Does the KafkaSink which implements TwoPhaseCommittingSink
supports the checkpointing implicitely or do I have to add any code for it?
I have a simple flink application which reads from source(KafkaSource). I want to handle the offset manually in kafka consumer so that if my app breaks down it should recover from checkpoint without a data loss or duplication.
Consider I am reading offsets from 1 --> 100 and if my flink application fails at Offset-87
Then using checkpoint, it should restart with Offset-87 not from earliest or latest.
As of now, it always starts from 1 if I have no delay in processing.
But if I add Thread.sleep(5000)
in .map()
then it works as expected and tries to read from 87.

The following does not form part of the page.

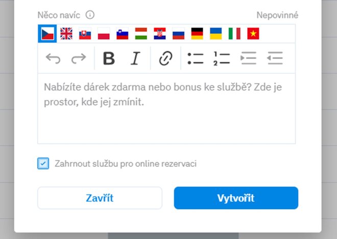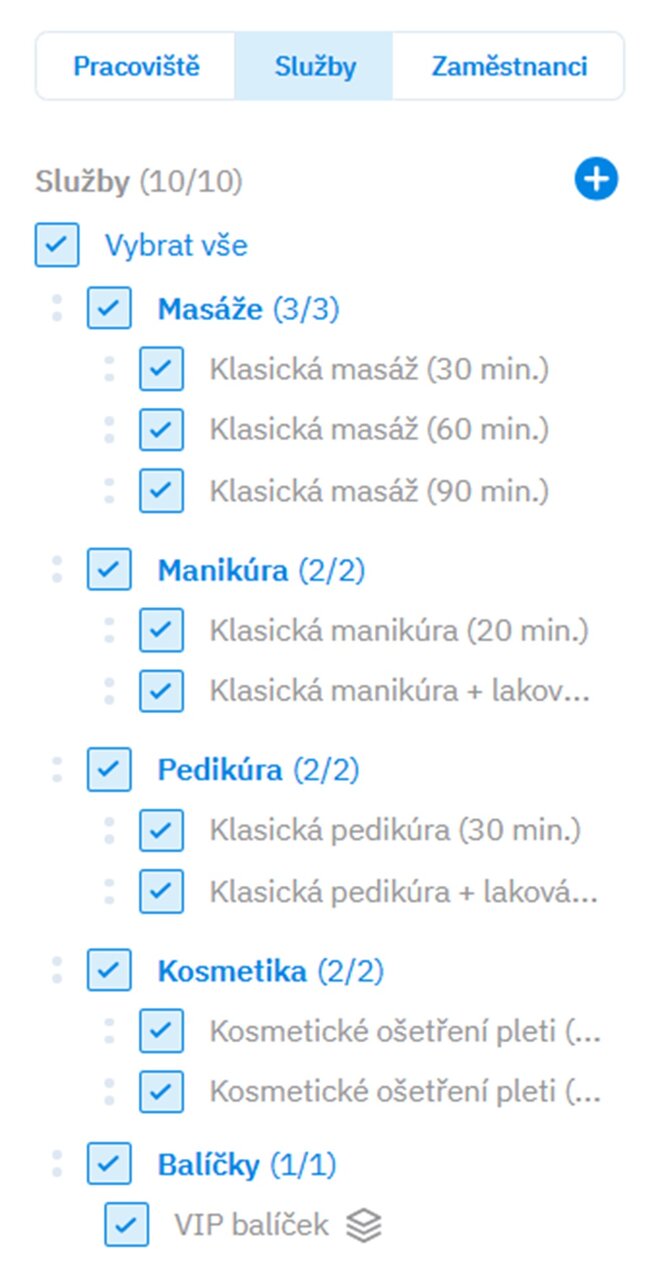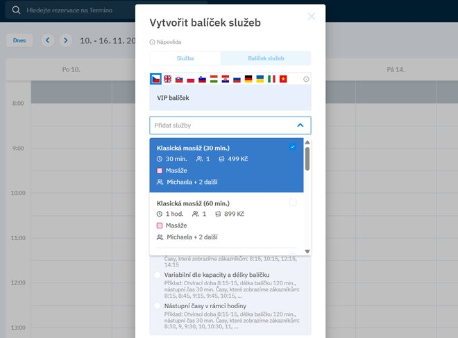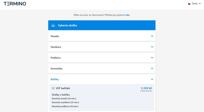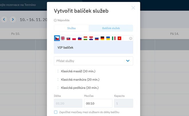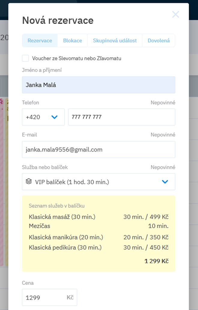 Chúng tôi có tin tức cho bạn – tính năng gói dịch vụ. Nhờ vào đó, bạn có thể dễ dàng tạo các kết hợp hấp dẫn của các dịch vụ của bạn (ví dụ: massage + làm móng tay + làm móng chân), mà khách hàng có thể dễ dàng đặt lịch trực tuyến. Bạn có thể cung cấp các gói này qua Slevomat, hoặc thông qua một liên kết ngoài trực tiếp trên trang web của bạn.

As I read from this post -
Since I am using .print()
; it does not support exactly-once semantic. That's why it take 2-3 seconds to sync the checkpoint with kafka offsets.
So if I use KafkaSink with exactly-once guarantee, will it solve my issue?
Checkpoint config -
StreamExecutionEnvironment env = StreamExecutionEnvironment.getExecutionEnvironment();
1, // number of restart attempts
Time.of(1, TimeUnit.SECONDS) // delay
Kafka consumer -
KafkaSource<Long> dataSource = KafkaSource.<Long>builder()
.setProperties(prop) .setStartingOffsets(OffsetsInitializer.committedOffsets(OffsetResetStrategy.LATEST))
.setDeserializer("custom deserializer")
As you can see below, I want to fail the application when consumer reaches to certain offset.
DataStreamSource<Long> alertStream = env.fromSource(dataSource , WatermarkStrategy.noWatermarks(), "Kafka Source");
.map(new MapFunction<Long, String>() {
public String map(Long value) throws Exception {
// TODO Auto-generated method stub
if(value == 87) // value is an offset of a message
// throw new Exception();
return "Offset - "+ value.toString();
The KafkaSink natively supports Flink's snapshotting mechanism and no additional code is required to enable that. You shouldn't handle the offset management manually in your code.